Were there female versions of Casanova?
In 2025, a woman writer in the Independent (UK) declared "There is no female equivalent of Casanova" (.). That is true to the degree that no two lives are the same, and Casanova was a rather unusual character who led a very complex life. But, I think the writer is implying that no women have succeeded with the liberated, itinerant, intellectual and celebrity lifestyle that Casanova enjoyed, and she attributes this to misogynistic "sexual shame" and "slut-shaming."
That just doesn't seem right. For one thing, there are many women over the past 100 years who have lived that lifestyle (c.f. here and here). For another, Henriette who appears in Casanova's memoirs (possibly that's her shown above), seems like Casanova's equal.
Below are three women from the previous century (the reign of Louis XIV in France and Charles II in England), who seemingly contradict the writer's argument.
First, Mademoiselle de Maupin, whose given name was Julie d'Aubigny, born in Paris sometime around 1673. When young, her father arranged for her to get an education and to become an expert fencer. By the age of 14, she was mistress to one nobleman and, later that year, was married to another. In the next few years she began dressing in men's clothes (which she did throughout her life), killed several men in illegal duels, engaged in her first lesbian relationship (including breaking into a convent in Avignon to rescue her lover and placing the corpse of a recently deceased nun in their bed and then setting the room on fire).

Later in life, she achieved fame as a singer at the Marseille and Paris Operas, where her good looks, musical talent and notoriety as a bisexual woman made her a celebrity. Many roles were written specifically for her and her career reached its peak between 1698 and 1705, while the dramas in her personal life continued unabated. Her opera career ended in 1705 when her then-lover, the celebrated beauty Madame la Marquise de Florensac, died from a fever. This appears to have depressed Maupin, leading her to retire from the opera and in some accounts she entered a convent. It's all a bit mysterious, but she was dead two years later, in 1707. Both women were only in their mid-30's. It's true that Casanova lived to a ripe old age.
If we were to regard Casanova primarily as a sexual predator and con man (I don't share this view), then there are some interesting female equivalents - if we focus on business, alchemy and magic. One of them is Catherine Monvoisin, a Frenchwoman better known as La Voisin. Her main claim to fame is as a fortune teller, abortion provider and dealer in poisons and aphrodisiacs to the rich and famous (notably in the notorious "Affair of the Poisons").

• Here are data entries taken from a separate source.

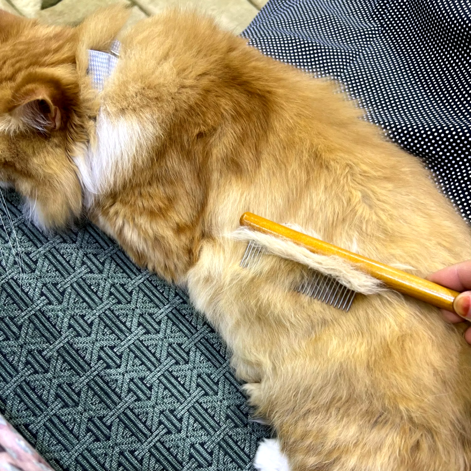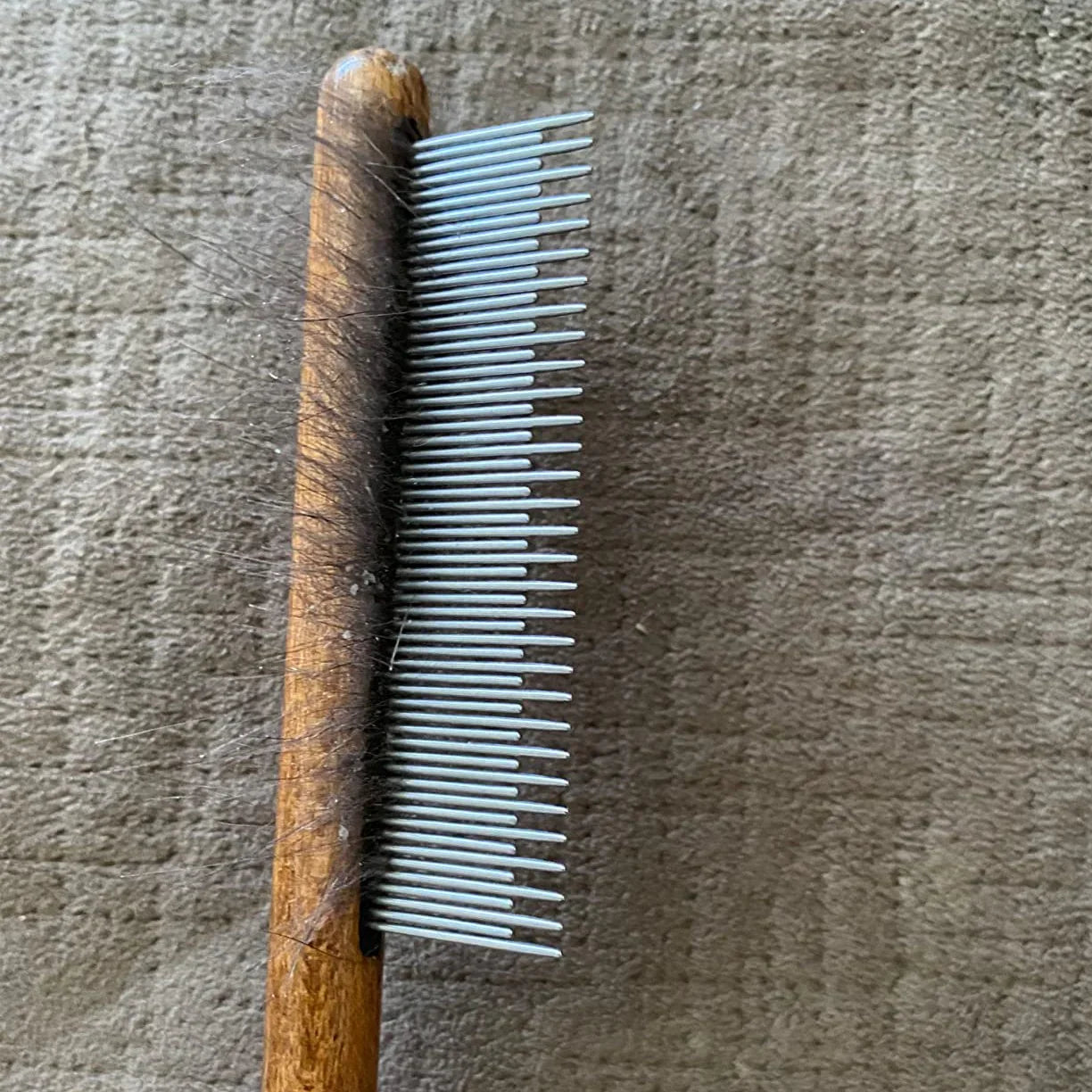 He probado varios peines, pero este es el que mejor funciona. Quita el pelo suelto sin causar ninguna molestia.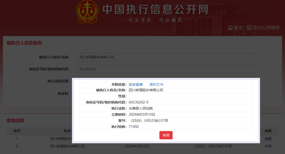 据中国执行信息公开网显示,四川郎酒股份有限公司新增一条被执行人信息,执行标的7.1万余元,执行法院为古蔺县人民法院 。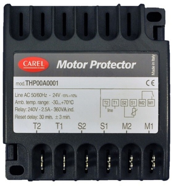 Защитный модуль предотвращает перегрев оборудования, отключая цепь через реле при превышении заданной температуры по сигналу PTC‑датчиков. Он применяется как штатный элемент безопасности в увлажнителях CAREL серии UR и совместим с логикой защиты двигателей/компрессоров, где используются PTC‑термодатчики. Благодаря встроенной выдержке на повторный запуск устройство исключает частые перезапуски и повышает надежность узла в тяжелых режимах эксплуатации.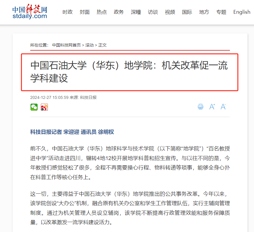12月27日,科技日报·中国科技网以《MG冰球突破官网网站MG冰球突破官网网站:机关改革促一流学科建设》为题,报道学院公共事务改革典型经验,获得广泛关注。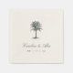 Diese wunderschönen personalisierten Hochzeitsnapkins verleihen Ihrer Cocktailstunde oder Ihrem Empfang Vintagen Charme. Das einfache und elegante Design der Hochzeit in Urlaubsort bietet eine Vintag geätzte Palmenpalmendarstellung mit Namen und Hochzeitsdatum in einer schicken Kombination aus Blockschrift und Schriftzypografie. Konzipiert zur Koordination mit der Hochzeitskollektion Havanna Palm von Redwood & Vine Design Co.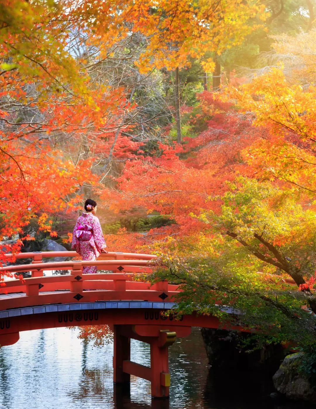 Explore Japan during Autumn leaves season where the cooler weather brings to life a breathtaking display of colour. Vivid and intense, the red, orange, and yellow foliage of the autumn leaves create an iridescent sparkle throughout the country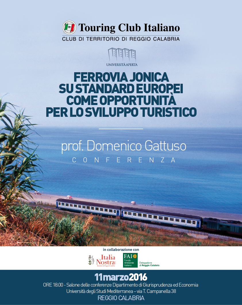 Il giorno 11 marzo 2016, alle ore 18.00, presso il Salone delle conferenze del Dipartimento di Giurisprudenza ed Economia dell’Università degli Studi Mediterranea – via T. Campanella n°38, avrà luogo la conferenza tenuta dal Prof. Domenico Gattuso – docente della Mediterranea – sul tema “Ferrovia jonica su standard europei come opportunità per lo sviluppo turistico”.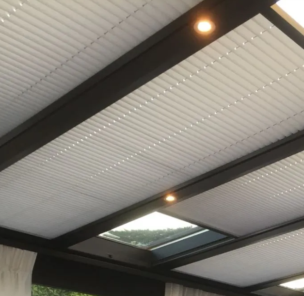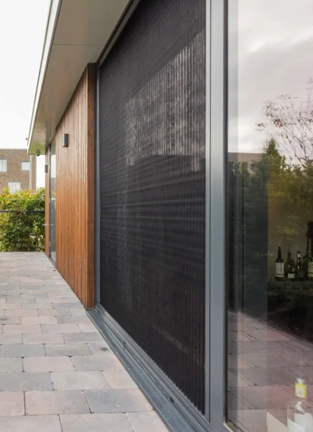 Strakke en moderne zonwering die warmte buiten houdt zonder het zicht te belemmeren.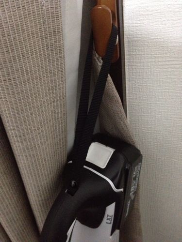 ちょっとしたゴミをみつけたらこんな感じでカーテンフックに引っ掛けてあるマキタをサッと握って、ガーッと吸って、また戻す。10秒もあれば一連の動作が完了します!

She ran her extensive business activities out of a mansion in Villeneuve-sur-Gravois, now Rue Beauregard, in the 2nd arrondissement of Paris, where the most influential client was Madame de Montespan, the mistress of the King, who may have paid her to murder the King (she failed). Over the years, Voisin had to support a family of six, including her husband and her mother, and she continued to take lovers. Eventually her luck ran out: she was accused of arranging black masses and witchcraft and she was burned at the stake in 1680. She was only 40. I think the case could be made that she was a victim of misogyny, but crime was the primary reason for her execution.
Lastly, there was the Italian-born Hortense Mancini, a niece of Cardinal Mazarin, the chief minister of France. She was married off at 14 to one of the richest men in Europe, but it was a disaster (not her fault). Four children later, she ran away to Savoy where she wrote her memoirs (very unusual at the time). Eventually, she ran out of money and, in 1675, she traveled to England dressed as a man. She enjoyed the cross-dressing, the drinking, riding, shooting, swimming and, before long, voilà, she was King Charles II's mistress and having multiple affairs with other men and women, notably Anne Lennard, Countess of Sussex. Their most celebrated stunt was a pretend sword fight in nightgowns in St. James' Park. With her affairs so publicly known, Charles broke off his attentions, and Mancini occupied the rest of her time hosting a salon which, in the years that followed, became famous for introducing champagne and a host of new intellectual ideas into England. She may have drunk herself to death or committed suicide, in 1699. She was 53.

None of this necessarily proves the Independent writer was wrong, but it would be a "shame" if we overlooked the achievements, both good and bad, of some of the extraordinary women in Europe during the 17th and 18th centuries who lived their lives the way they wanted to.